THE DATA below:

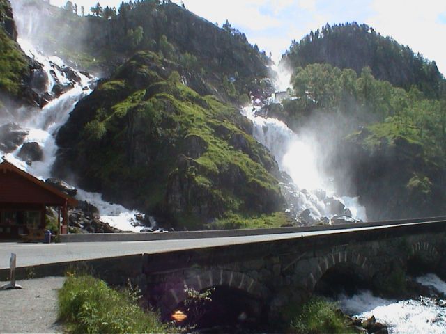 In der Nähe von Sjoa-Schlucht Ridderspranget-, ein Aufenthalt lohnt sich. Fußweg ca. 150 m von Parkplatz, 25 m tief.
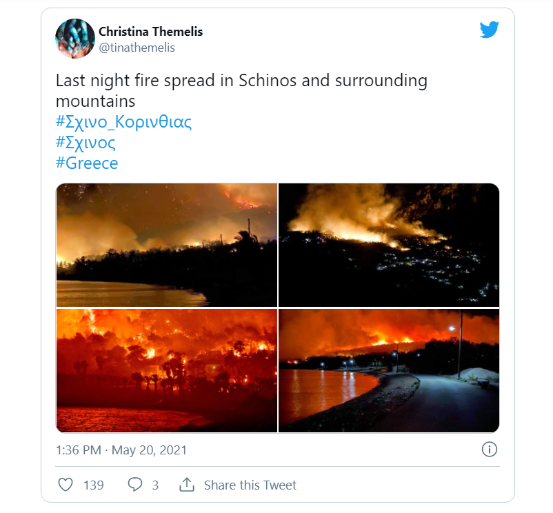 Дым виден по всей южной Греции. О погибших и пострадавших в результате пожара не сообщается.
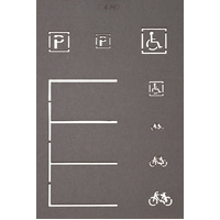 The start set also contains one template for each scale H0, TT and N as sample. A more extensive variety of templates with different street markings, such as directional arrows, cross walks, parking space markings and a lot more symbols for all scales, are available individually
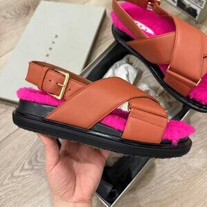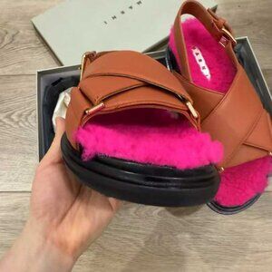 Step into luxurious comfort and avant-garde style with these stunning Marni flat sandals. Crafted from a chic combination of fuchsia pink lamb fur, rich brown leather, and a sleek black sole, these sandals are designed to make a statement.

End of THE DATA.

### EXERCISE
Please return the whole listing exactly. Do not copy its images.

### EXERCISE ANSWER
 In der Nähe von Sjoa-Schlucht Ridderspranget-, ein Aufenthalt lohnt sich. Fußweg ca. 150 m von Parkplatz, 25 m tief.
 Дым виден по всей южной Греции. О погибших и пострадавших в результате пожара не сообщается.
 The start set also contains one template for each scale H0, TT and N as sample. A more extensive variety of templates with different street markings, such as directional arrows, cross walks, parking space markings and a lot more symbols for all scales, are available individually
 Step into luxurious comfort and avant-garde style with these stunning Marni flat sandals. Crafted from a chic combination of fuchsia pink lamb fur, rich brown leather, and a sleek black sole, these sandals are designed to make a statement.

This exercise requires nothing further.